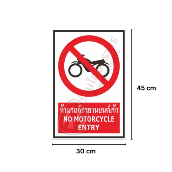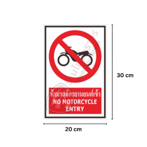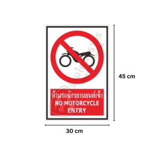 ป้ายห้ามรถจักรยานยนต์เข้า สะท้อนแสง 3 M อายุการใช้งานยาวนานกว่า 5 ปี!
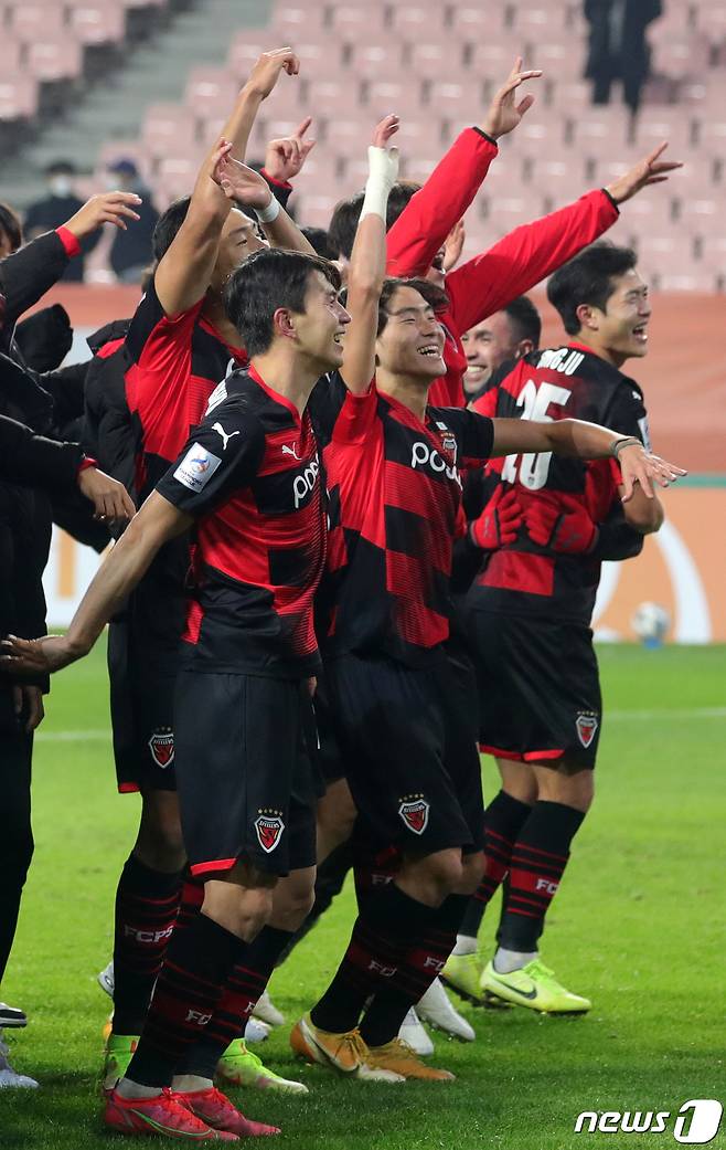 (전주=뉴스1) 유경석 기자 = 20일 전북 전주시 전주월드컵경기장에서 열린 '2021 아시아축구연맹(AFC) 챔피언스리그(ACL) 4강전 울산 현대와 포항 스틸러스의 경기에서 승부차기 끝에 승리한 포항 선수들이 기쁨을 만끽하고 있다. 2021.10.20/뉴스1
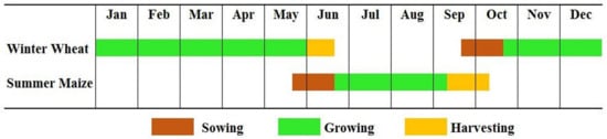 The Hai River Basin contains the largest water system in North China, which flows through eight provinces (112°–120°E, 35°–45°N) and covers approximately 320,600 km2. The basin has the semi-humid and monsoonal climate typical of mid-latitude regions. The climate is cold during the winter but recovers quickly in the spring, with a mean annual temperature range of 1.5–14 °C. The mean annual precipitation in the basin is 539 mm, and the mean annual ET is 512 mm, most of which occurs during the summer. Figure 1 shows the position and land cover map of the whole basin using multi-temporal MODIS data and an object-based classification method. The underlying surfaces of the basin are mainly mountains and plateaus in northern and western regions and plains in the southern and eastern regions. Winter wheat and summer maize are the two main crops grown on arable land and are rotated with the change of season. Figure 2 shows the phenology of the two crops.
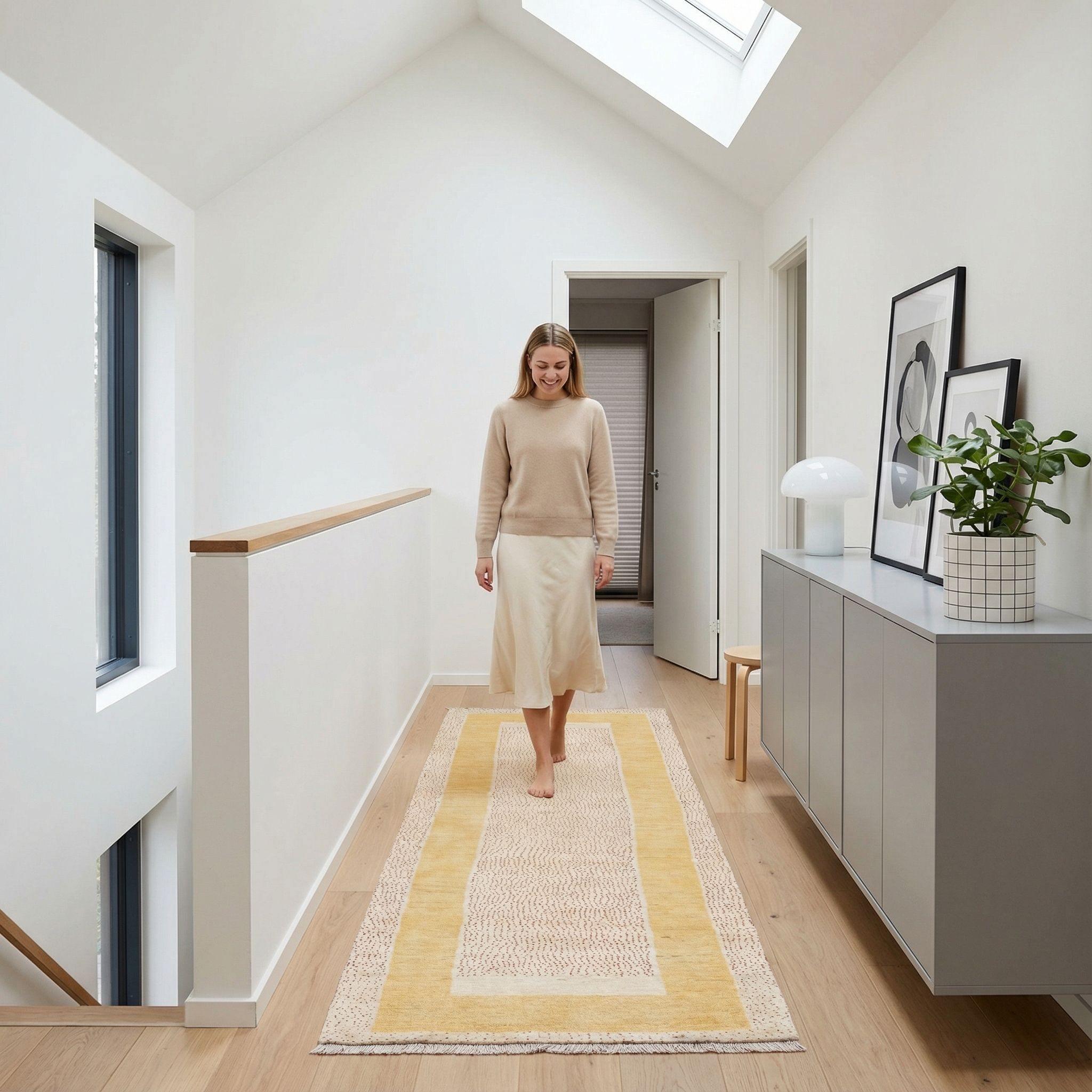 Unsere handgeknüpften Teppiche sind reine Handarbeit aus erlesenen Naturmaterialien. Echte Knoten sowie Schuss- und Kettfäden verleihen ihnen außergewöhnliche Langlebigkeit, Tiefe und bleibenden Wert - jeder Knoten ein Ausdruck echter Handwerkskunst. Handgefertigt und komplett ohne Kleber - für eine authentische, langlebige Qualität.
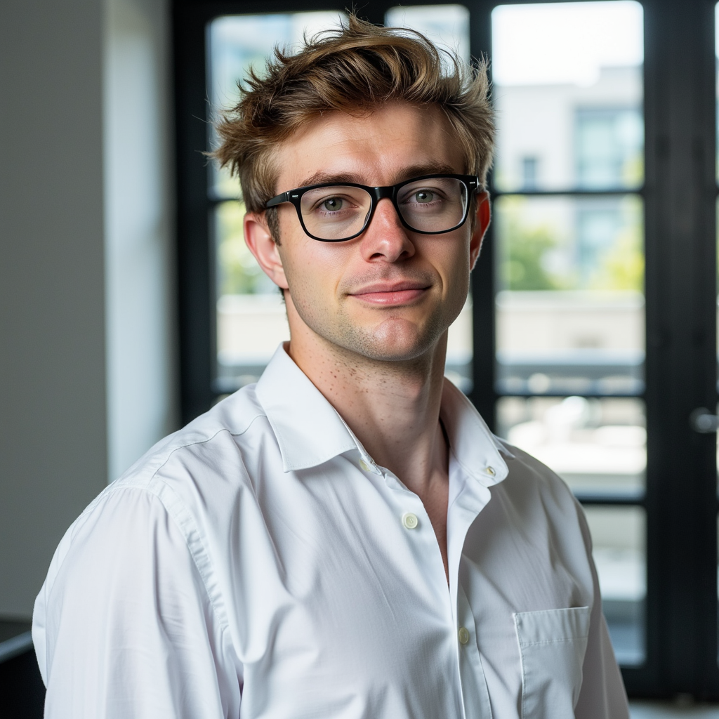 Tight headshot of a man in a white dress shirt, open collar, wearing thin-framed glasses. Calm expression, slight half-smile. Blurred open-office backdrop. Natural lighting from a nearby window casts mild shadows. Light stubble, skin pores, and reflections on glasses captured realistically.
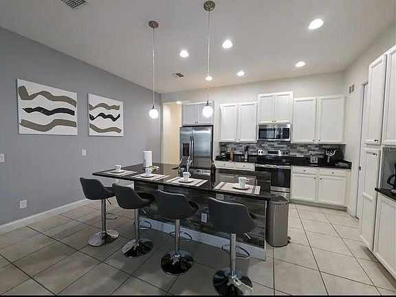 Stunning 5-bedroom, 4.5-bath home in Festival Resort! Built in 2016 with approximately 2,204 sq ft, this turnkey furnished home features a gourmet kitchen with stainless steel appliances and center island, a first-floor master suite with en-suite bathroom, two themed bedrooms, and a private screened lanai with heated pool. Resort-style amenities include a water park, indoor arcade, clubhouse, fitness center, and putt-putt golf. Ideal for families or short-term rental investment, conveniently located near Disney, dining, and shopping.
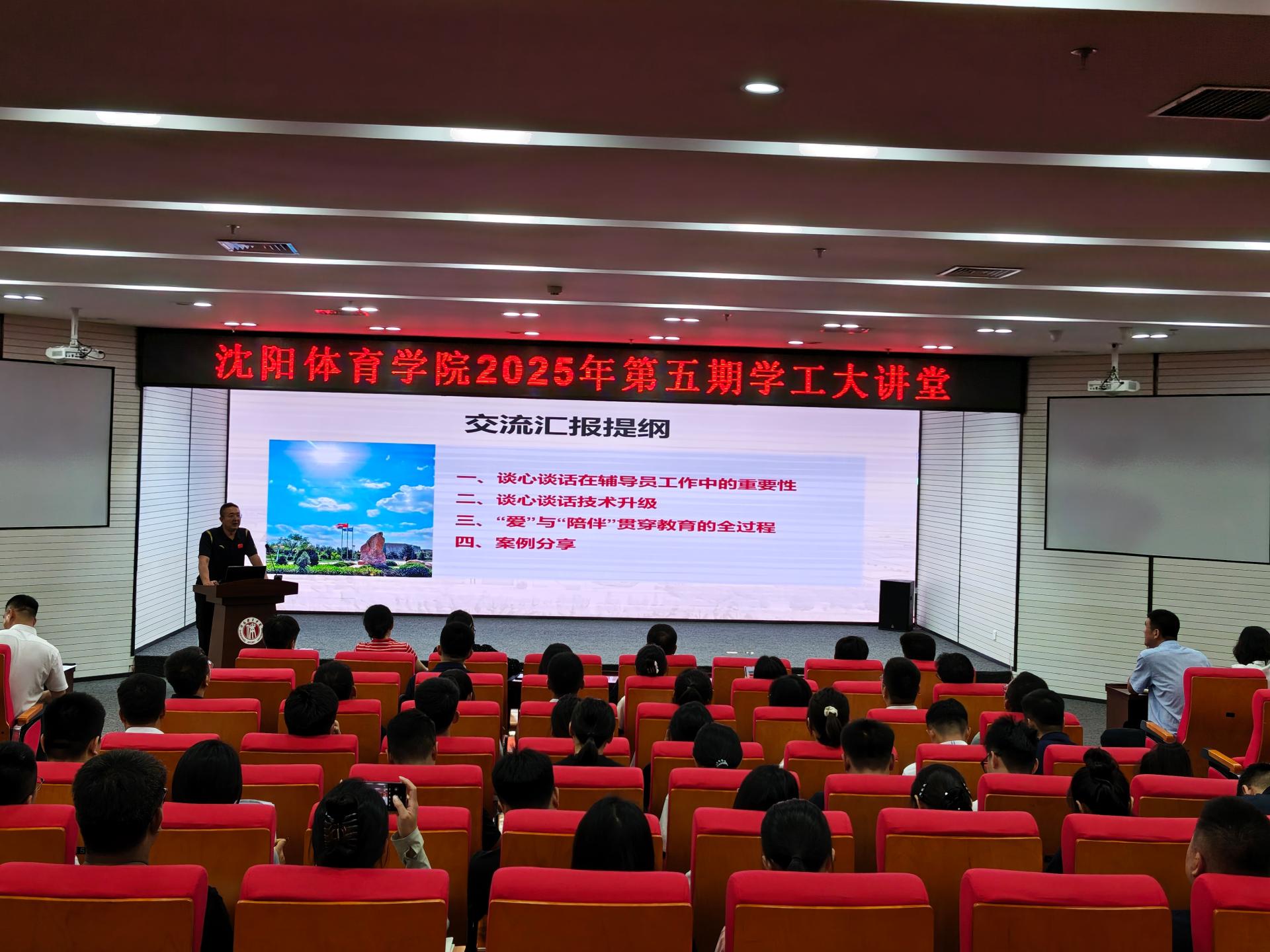 7月2日,党委学生工作部(学生处、武装部)组织开展2025年第五期“学工大讲堂”。本次活动由运动训练学院辅导员孙立名以“AI视域下谈心谈话如何赋能辅导员工作——“爱”与“陪伴”为主题进行交流和分享。全体学工干部参加本次活动,活动由党委学生工作部(学生处、武装部)学生管理科科长侯天鹏主持。
+===+
[What is being asked]
Leave every picture out, and repeat exactly the lines from the one containing "Stunning 5-bedroom, 4.5-bath" through the last line of the entries, both ends included.

[Final answer]
 Stunning 5-bedroom, 4.5-bath home in Festival Resort! Built in 2016 with approximately 2,204 sq ft, this turnkey furnished home features a gourmet kitchen with stainless steel appliances and center island, a first-floor master suite with en-suite bathroom, two themed bedrooms, and a private screened lanai with heated pool. Resort-style amenities include a water park, indoor arcade, clubhouse, fitness center, and putt-putt golf. Ideal for families or short-term rental investment, conveniently located near Disney, dining, and shopping.
 7月2日,党委学生工作部(学生处、武装部)组织开展2025年第五期“学工大讲堂”。本次活动由运动训练学院辅导员孙立名以“AI视域下谈心谈话如何赋能辅导员工作——“爱”与“陪伴”为主题进行交流和分享。全体学工干部参加本次活动,活动由党委学生工作部(学生处、武装部)学生管理科科长侯天鹏主持。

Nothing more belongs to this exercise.